[Opening Supplied records section]

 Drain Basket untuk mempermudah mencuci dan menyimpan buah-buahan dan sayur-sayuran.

[Closing Supplied records section]
[Opening Supplied records section]

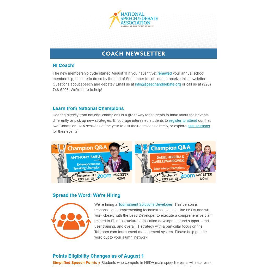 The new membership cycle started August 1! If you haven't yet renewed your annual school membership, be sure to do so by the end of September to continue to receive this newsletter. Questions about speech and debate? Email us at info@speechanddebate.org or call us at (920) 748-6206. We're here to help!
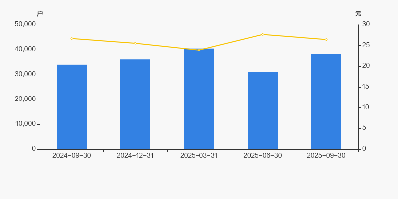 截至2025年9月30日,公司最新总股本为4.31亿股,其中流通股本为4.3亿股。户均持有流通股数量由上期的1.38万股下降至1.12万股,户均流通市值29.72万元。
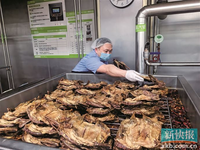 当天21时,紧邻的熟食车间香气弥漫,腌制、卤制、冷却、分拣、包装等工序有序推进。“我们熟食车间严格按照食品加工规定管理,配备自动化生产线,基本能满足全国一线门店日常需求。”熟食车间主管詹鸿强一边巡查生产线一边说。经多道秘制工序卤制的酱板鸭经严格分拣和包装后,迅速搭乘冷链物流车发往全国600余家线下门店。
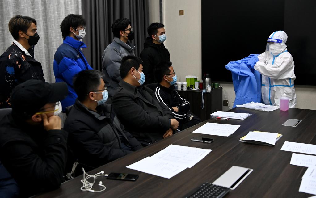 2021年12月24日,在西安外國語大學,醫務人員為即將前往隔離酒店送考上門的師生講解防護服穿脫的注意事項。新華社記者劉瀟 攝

[Closing Supplied records section]
[Opening Supplied records section]

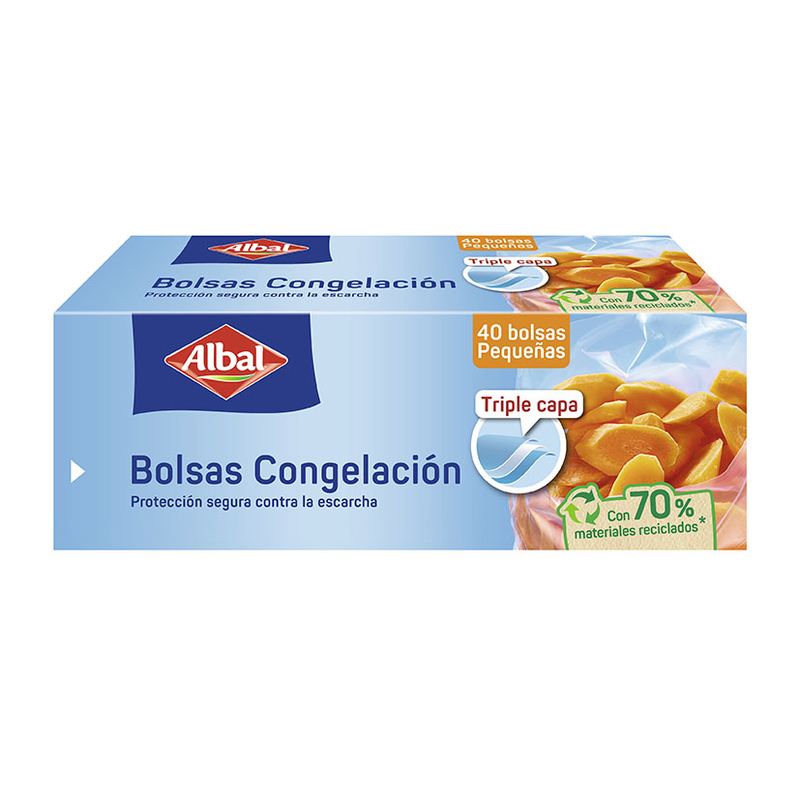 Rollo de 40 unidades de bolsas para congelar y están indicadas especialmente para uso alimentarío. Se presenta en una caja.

[Closing Supplied records section]

- **Assignment**:
Using the data above, set down each line from the line with "The new membership" to the line with "2021年12月24日,在西" exactly, both ends included, and leave the pictures behind. Nothing else belongs.

- **Answer below**:
 The new membership cycle started August 1! If you haven't yet renewed your annual school membership, be sure to do so by the end of September to continue to receive this newsletter. Questions about speech and debate? Email us at info@speechanddebate.org or call us at (920) 748-6206. We're here to help!
 截至2025年9月30日,公司最新总股本为4.31亿股,其中流通股本为4.3亿股。户均持有流通股数量由上期的1.38万股下降至1.12万股,户均流通市值29.72万元。
 当天21时,紧邻的熟食车间香气弥漫,腌制、卤制、冷却、分拣、包装等工序有序推进。“我们熟食车间严格按照食品加工规定管理,配备自动化生产线,基本能满足全国一线门店日常需求。”熟食车间主管詹鸿强一边巡查生产线一边说。经多道秘制工序卤制的酱板鸭经严格分拣和包装后,迅速搭乘冷链物流车发往全国600余家线下门店。
 2021年12月24日,在西安外國語大學,醫務人員為即將前往隔離酒店送考上門的師生講解防護服穿脫的注意事項。新華社記者劉瀟 攝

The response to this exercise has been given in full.